It’s about two very close friends who love and care for each, though are diametrically opposed in their politics, philosophy and ethics. It’s also a story of how a single betrayal can impose a concertina effect on a group of people.

Why did you want to be involved in this production?

First and foremost I am an actor and must go where the work is. But this is particularly powerful play which I wanted to be involved. Ishy has certainly exercised our acting chops with the characters he written for us. It also gave me the opportunity to work with the wonderful and insightful Pooja Ghai (our director).
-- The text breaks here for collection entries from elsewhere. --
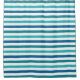 A preppy and modern striped shower curtain with a teal, turquoise, and navy blue stripes pattern. Ideal for a nautical themed bathroom.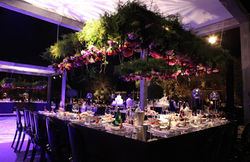 ![]() The reception area was designed in a manner that evoked Europe’s most prestigious clubs with a modern appearance which is untypical for weddings in Israel. The color scheme was black, purple and silver and various style elements were reflected by mirrors carefully incorporated into the overall decor. | ![]() In every corner of the venue, the meticulous planning was evident – from the dancer dressed as a blue bird moving in a slow, sensuous dance in the bar area to the masterpiece gourmet dishes prepared by one of the country’s most acclaimed chefs. Bottles of top quality whisky, brought in from abroad especially for the occasion, stood on the tables to indulge the guests which included top businessmen, politicians and celebrities. | ![]() |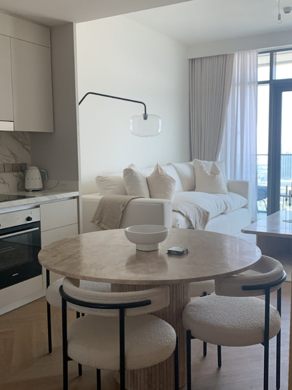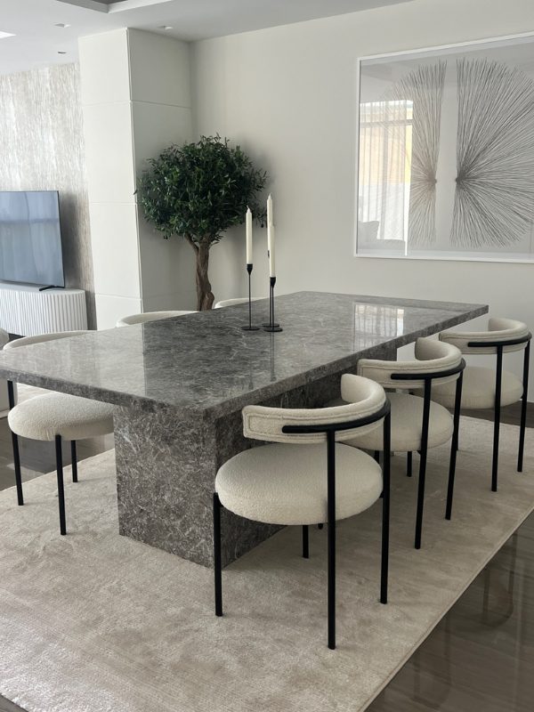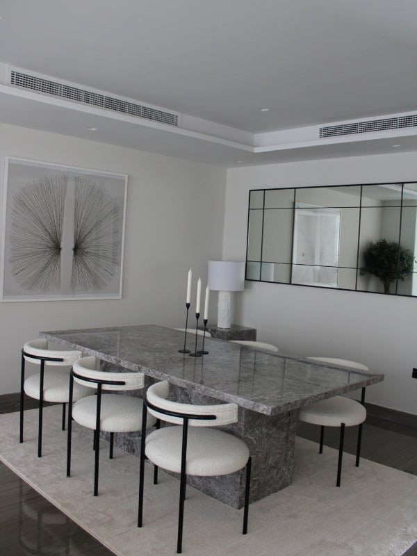 Zander boucle & matte black steel dining chair. This contemporary design and high quality boucle fabric chair is our go to for chic modern day dining and we are obsessed.
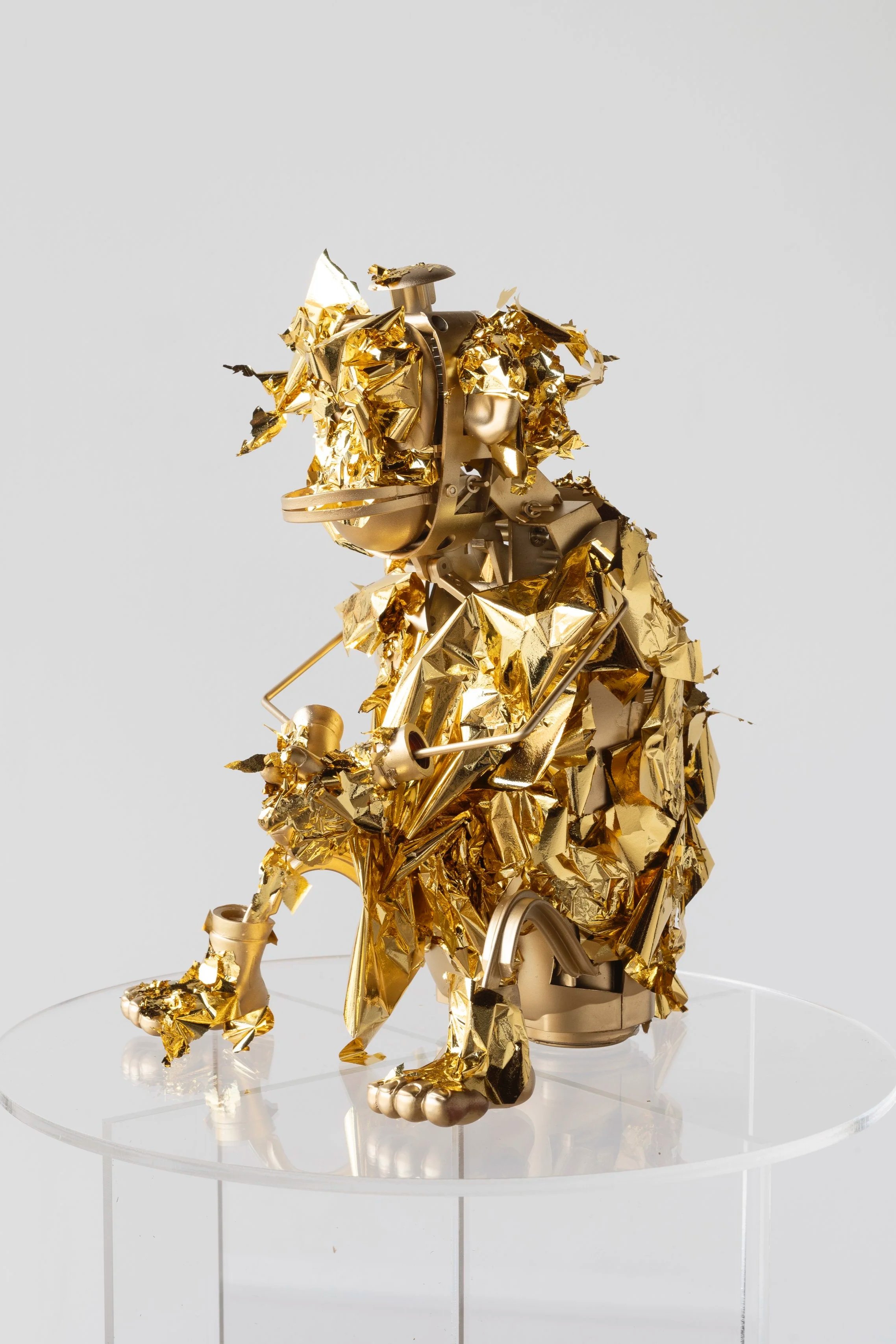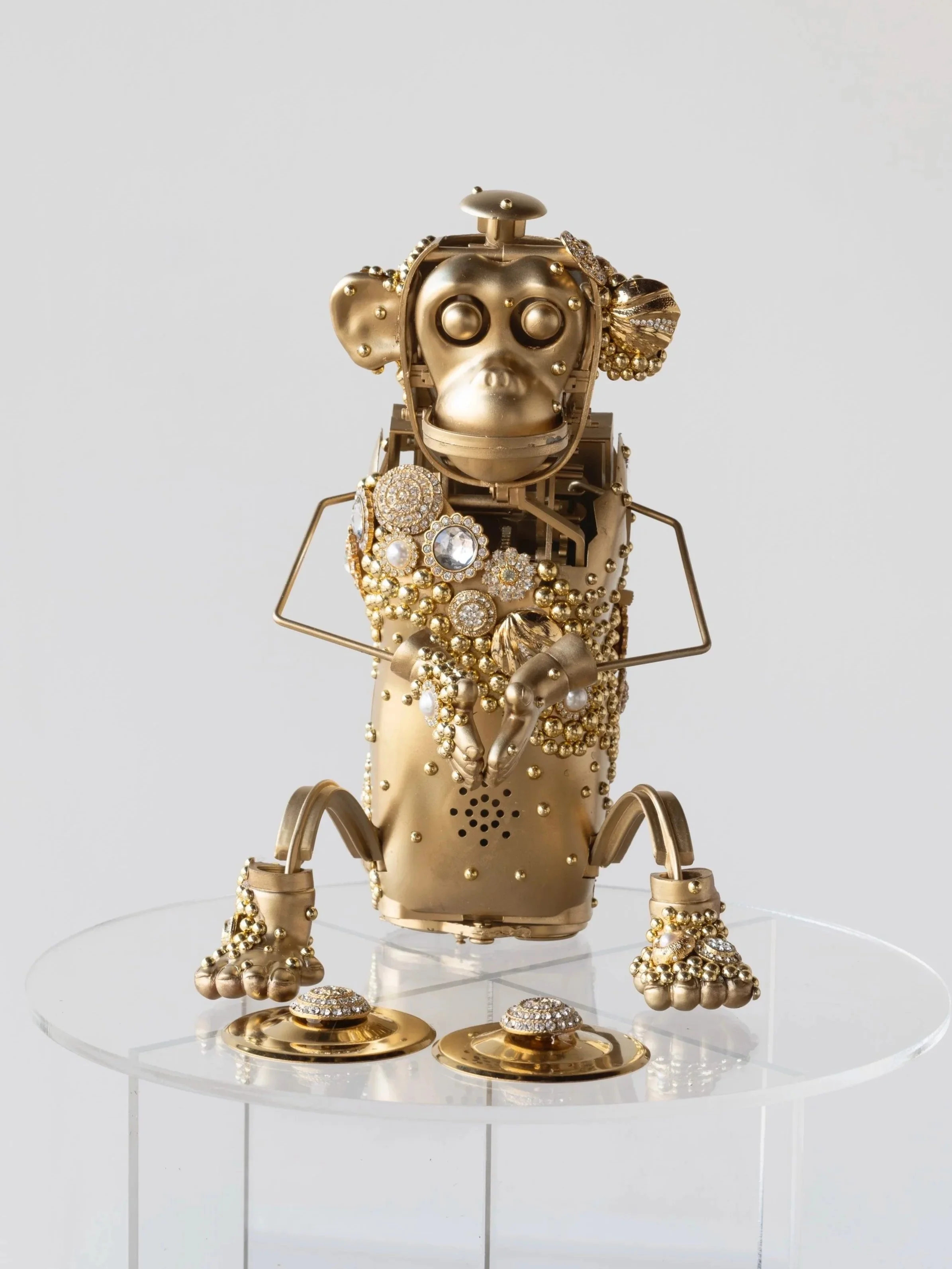 Once a diagnostic tool that shaped the artist’s Deaf identity, the Charlie Chimp hearing test toy is reimagined as a work of resilience. Embellished with crystals, gold chains, and gold leaf, the object becomes a visual symbol examining diagnosis, measurement, and systems of recognition.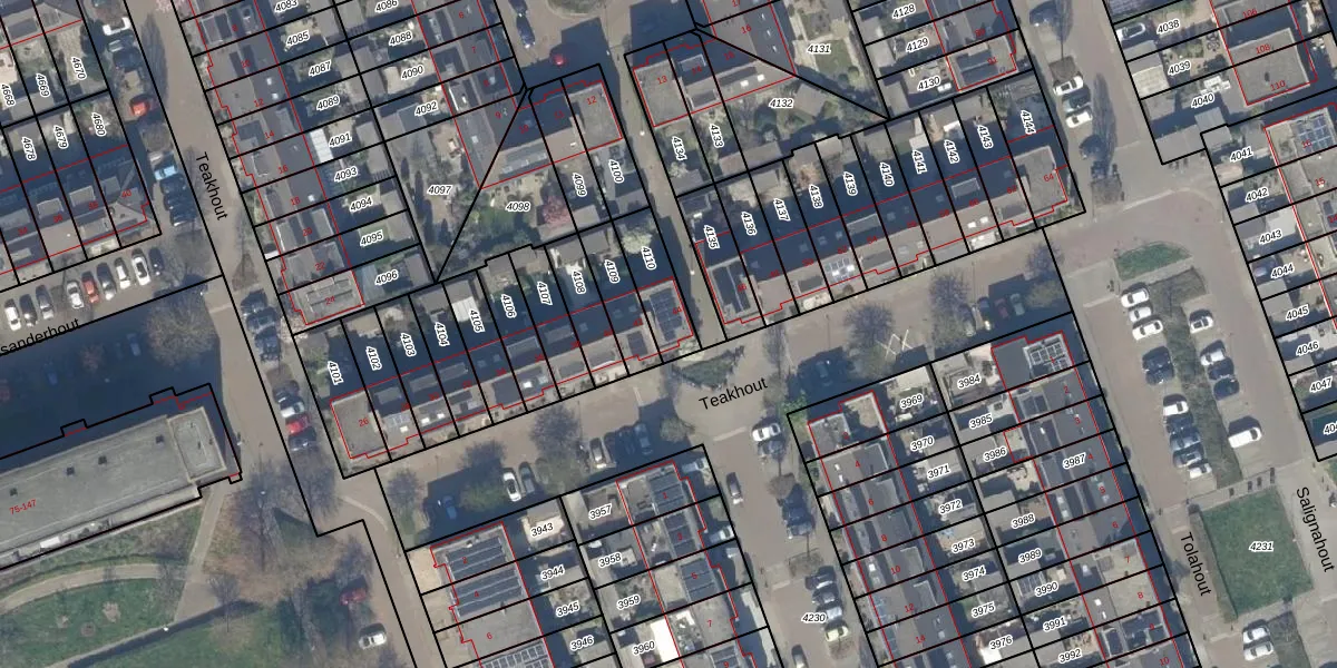 Het perceel waarop Teakhout 44 staat heeft een oppervlakte van 140 m². Dit is een middelgroot perceel. De perceeloppervlakte wordt geregistreerd door het Kadaster. Gedetailleerde informatie over de maten van dit perceel kunt u vinden in het rapport Kadastrale kaart met maatvoering van Teakhout 44.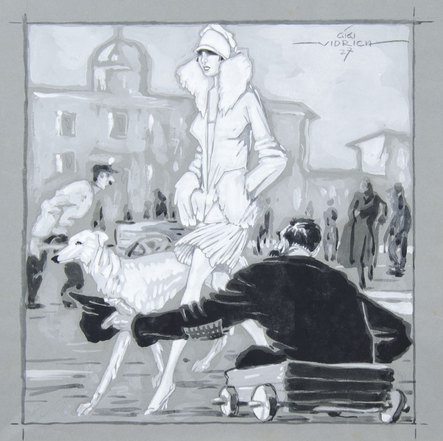 Luigi Vidris detto Vidrich Pola 1897-Torino 1976 "A passeggio" cm. 33x33 - acquerello su carta Firmato alto a d. e datato '27.
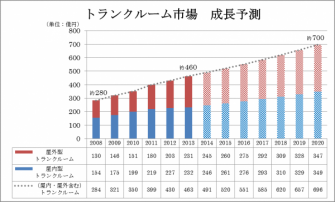 総店舗数は6200店舗、ユニット(室)数は285,000室へと増加し、いずれも2008年比1.6倍(2008年:3,500店舗、175,000室)の成長を示しています。2008年からの6年間と同等の拡大が今後も続くと仮定した場合、東京オリンピックが開催される2020年には700億円、2027年には1,000億円市場へと成長する可能性を秘めています。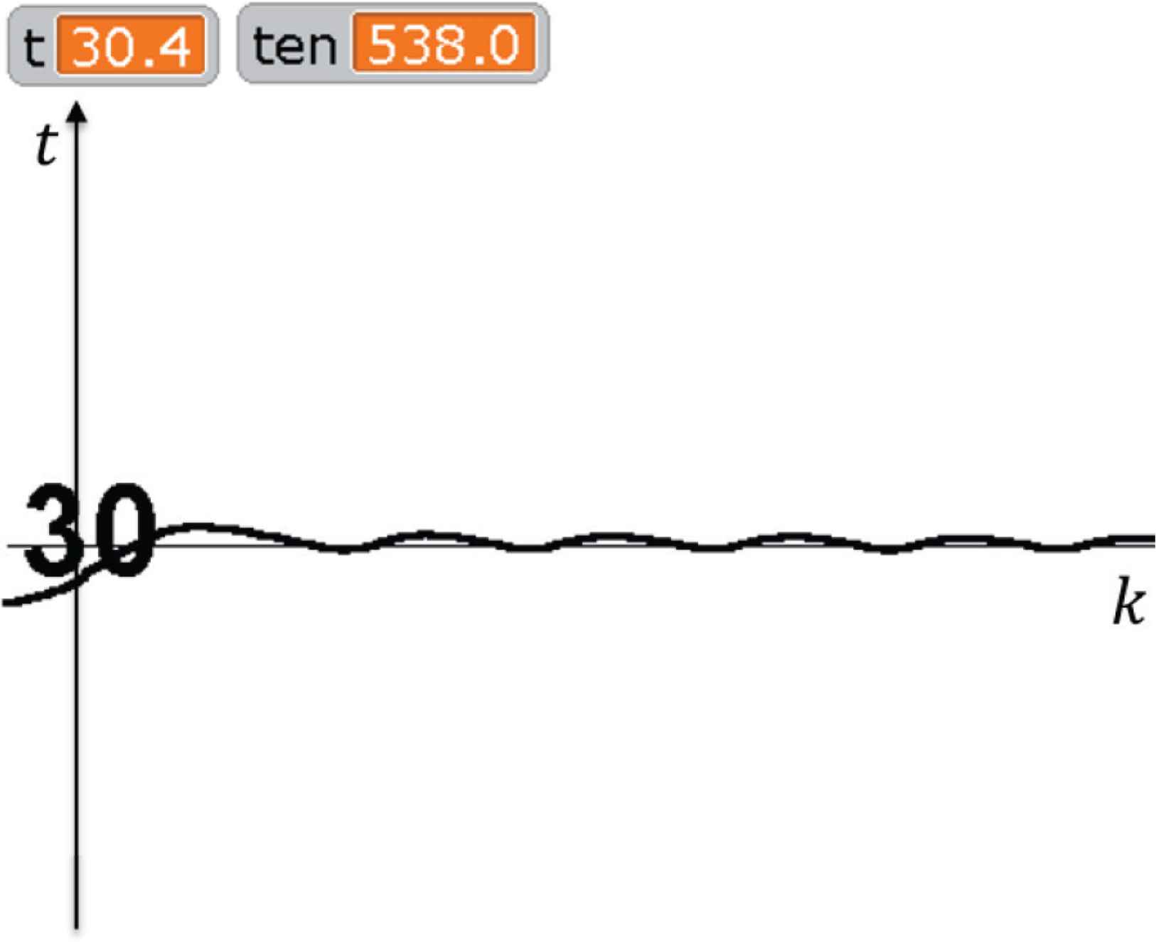 where r and t mean the reference value and the output temperature, respectively. a is a parameter that determines the target zone. This index can quantify how close the controlled value is to the reference value. The large number of ‘ten’ means good control. Students will compete to get high scores of ‘ten’. This activity may become good learning of programming.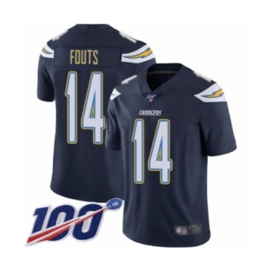 >Men's Los Angeles Chargers #14 Dan Fouts Navy Blue Team Color Vapor Untouchable Limited Player 100th Season Football Jersey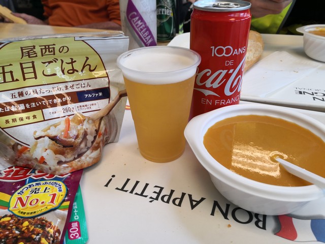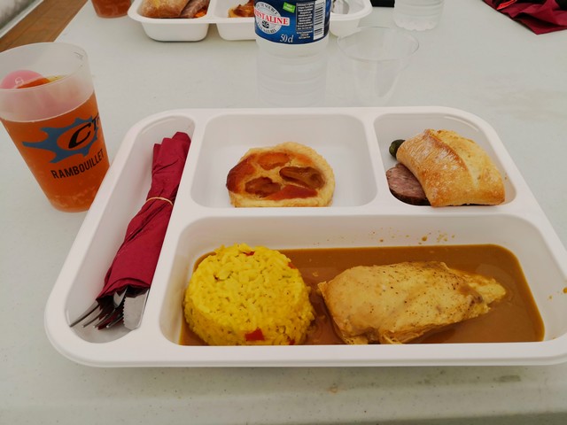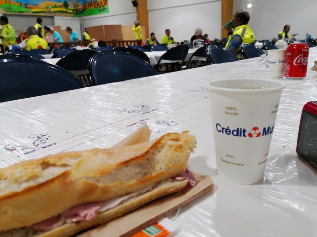 DREUXで初めてレストランに並んだ。PBPで初めてトレーを持って食事した。ポーク煮込みマジでうまかった。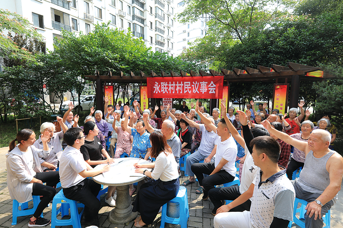 推進(jìn)鄉(xiāng)村自治,打造永聯(lián)樣本。永聯(lián)村搭建了“村民代表大會(huì)、村民議事會(huì)、樓道懇談會(huì)”三級(jí)議事平臺(tái),形成“代表大會(huì)議大事、議事團(tuán)體議難事、樓道小組議瑣事、媒體平臺(tái)議冒尖事”的村民議事新機(jī)制,構(gòu)建了“黨建引領(lǐng)、區(qū)域協(xié)同、群眾參與、依法辦事”的治理格局,為鄉(xiāng)村自治法治作出了積極探索、提供了永聯(lián)樣本。

I also get to spar with my old acting chum Nick Khan, as well as a fantastic cast of actors.

How would you describe your character?

Mansha is a warm, honest, reliable, funny, caring fastidious traditionalist who still believes in the power of a handshake. He also believes that his ideals have been corrupted by greed and capitalism, which has made him bitter through the passage of time.

What do you like most about Ishy Din’s writing?

His honesty. Ishy is a writer that does not mince his words. He doesn’t write about the shadows of people but drives through right up to their internal organs and spits them out. His sharp, incisive, observations of people and places allows you to infiltrate a world without gimmickry. He shows that human nature is never black and white, but a multitude of different colours that drives us to every motive and action we face.

Approaching Empty will tour after it’s run at The Kiln, what are you looking forward to most about touring?

Touring isn’t as romantic as people think, but it is a privilege to see so many cities that you ordinarily wouldn’t go to. I must admit that I do have a soft spot for Edinburgh and Glasgow. I also have bond with Newcastle where I played at Northern Stage in 2017.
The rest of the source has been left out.